From: Michael Herman (Trusted Digital Web) <mwherman@parallelspace.net>
Sent: February 3, 2021 9:07 AM
To: Wayne Chang <wyc@fastmail.fm>; Leonard Rosenthol <lrosenth@adobe.com>; W3C Credentials CG <public-credentials@w3.org>
Subject: RE: File formats for the secure export/import of Verified Credentials?

Wayne, your comments suggested to me the following inspirations/possibilities:


  1.  As email attachments, .vcard files can be used for sending and receiving verifiable documents of all sorts; more specifically, as examples, meeting requests and contact information.

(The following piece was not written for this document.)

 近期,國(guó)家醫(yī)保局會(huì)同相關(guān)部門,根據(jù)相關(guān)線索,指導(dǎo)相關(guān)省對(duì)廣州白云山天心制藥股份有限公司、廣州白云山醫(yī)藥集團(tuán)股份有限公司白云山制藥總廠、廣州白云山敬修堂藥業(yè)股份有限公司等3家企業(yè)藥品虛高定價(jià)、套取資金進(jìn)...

See the attached mocked up attachments (copies of the vc_example.vcred file).  This conversation is timely as I figure out the next steps: the key infrastructure.  A .vcred uses symmetric encryption for the payload.  The symmetric encryption key is encrypted using asymmetric encryption and is also part of the .vcred.  A different set of asymmetric key pairs are generated for every file for the time being. The intent is to password encrypt these key pairs somehow and include them as part of the payload – given there is no universal, free KMS solution available.

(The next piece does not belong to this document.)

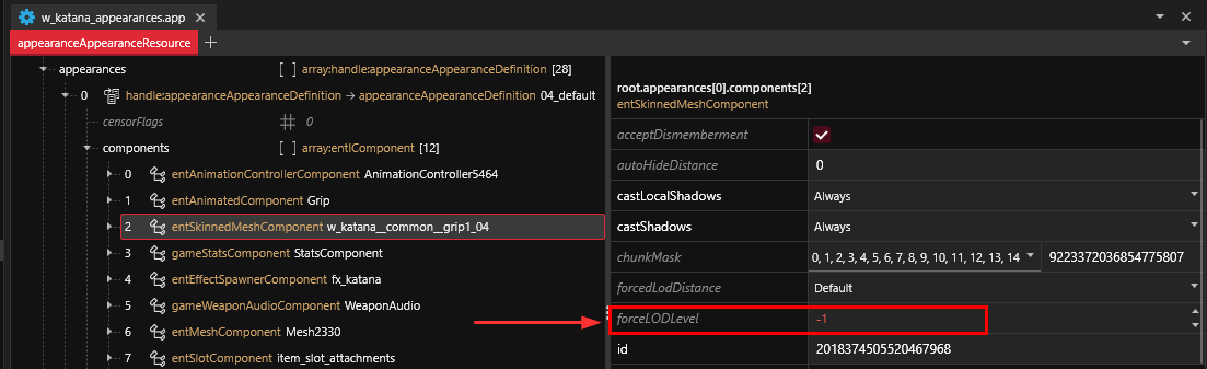 <figure><img src="https://1427525421-files.gitbook.io/~/files/v0/b/gitbook-x-prod.appspot.com/o/spaces%2F4gzcGtLrr90pVjAWVdTc%2Fuploads%2Fgit-blob-e551b9fb94681590eb11b7dd52c38a11744c34b2%2Fmesh_component_force_lod_level.png?alt=media" alt=""><figcaption><p>You can set this property in the <a href="../components/documented-components#equipment-hair">component</a></p></figcaption></figure>

  1.  The ballot scenario you’ve propositioned is interesting. The solution concept I have in mind is a Verifiable Cart or .vcart file – i.e. a shopping cart, wagon, or egg carton of 1 or more .vcred files.  A mock-up is also attached.  A .vcart would be a JSON wrapper for one or more .vcart files contained with it.  In the USA 2024 Election scenario, there would be a .vcred (credential) file for each ballet for “each election down the ticket”: presidential election, state elections, and local elections (as you propositioned).

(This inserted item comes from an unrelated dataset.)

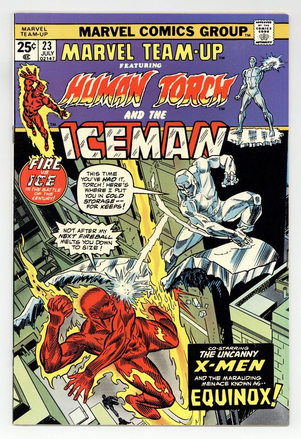 Starts Jan 26 Script by Len Wein. Pencils by Gil Kane. Inks by Mike Esposito and Dave Hunt. Cover by Gil Kane and Frank Giacoia. The Human Torch and Iceman battle Equinox, the Thermodynamic Man, in "The Night of the Frozen Inferno." This story is a continuation from a subplot in Giant-Size Spider-Man #1. Cameo appearances by Spider-Man, Angel, Cyclops, and Marvel Girl. (Equinox returns to battle Spider-Man in Marvel Team-Up #59. Iceman appears next in Giant-Size X-Men #1. The letters page contains Marvel Value Stamp Series A #28, Hawkeye.) 36 pages. Cover price $0.25.

You also talked about “selective disclosure” of some attributes …i.e. selected attributes that would be available to be viewed in plain text. I don’t see this use case directly asserting specific requirements on the .vcart/.vcred encrypted storage functionality. However, it needs to be accommodated.  In general, for selective disclosure, there are already existing VC-based solutions like Presentations available. So how about allowing Presentations to ride alongside the .vcred’s in the .vcart file …unencrypted so that Presentations of the attributes in the VCs encoded in the .vcred’s in the .vcart can be viewed without any decryption.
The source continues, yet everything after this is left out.